Question 2.10: In Fig. 2-13, vS = Vm sin ωt and the diode is ideal. Calcula......
In Fig. 2-13, v_S = V_m \sin ωt and the diode is ideal. Calculate the average value of v_L.
Only one cycle of v_S need be considered. For the positive half-cycle, i_D > 0 and, by voltage division,
v_L = \frac{R_L}{R_L + R_S} (V_m \sin ωt) ≡ V_{Lm} \sin ωt
For the negative half-cycle, the diode is reverse-biased, i_D = 0, and v_L = 0. Hence,
V_{L0} = \frac{1}{2 \pi} \int_0^{2\pi} v_L (ωt) d(ωt) = \frac{1}{2 \pi} \int_0^{\pi} V_{Lm} \sin ωt d(ωt) = \frac{V_{Lm}}{\pi}
Although the half-wave rectifier gives a dc output, current flows through R_L only half the time, and the average value of the output voltage is only 1/\pi = 0.318 times the peak value of the sinusoidal input voltage. The output voltage can be improved by use of a full-wave rectifier (see Problems 2.28 and 2.50).
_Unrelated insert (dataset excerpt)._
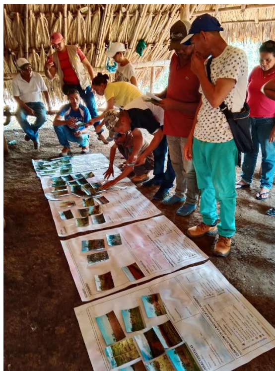
Imagen 1. #10 Valoración cultural del Monte - Sesión 1 – vereda Santa Rita

Se llevó a cabo 14 encuentros en cada uno de los 9 núcleos veredales con el propósito de brindar espacios de capacitación, transferencia y construcción de conocimientos en diferentes temáticas relacionadas con el bosque seco tropical, su cuidado y rehabilitación ecológica (Componente 1), la apicultura y su ciclo productivo (Componente 2) y la interacción entre componentes en diferentes temáticas y escalas territoriales. Se realizó 4 talleres correspondientes al Componente 1, 6 talleres al Componente 2 y 4 talleres transversales a los componentes y al PGAS. En general, el porcentaje de participación fue de 79,26%. A continuación, se presenta una tabla con la fecha, nombre del taller, temática, componente, número de asistentes y porcentaje de asistencia.

When rectifiers are used as dc power supplies, it is desirable that the average value of the output voltage remain nearly constant as the load varies. The degree of constancy is measured as the voltage regulation,
\text{Reg} ≡ \frac{(\text{no-load} V_{L0}) – (\text{full-load} V_{L0})}{\text{full-load} V_{L0}} (2.6)
which is usually expressed as a percentage. Note that 0 percent regulation implies a constant output voltage.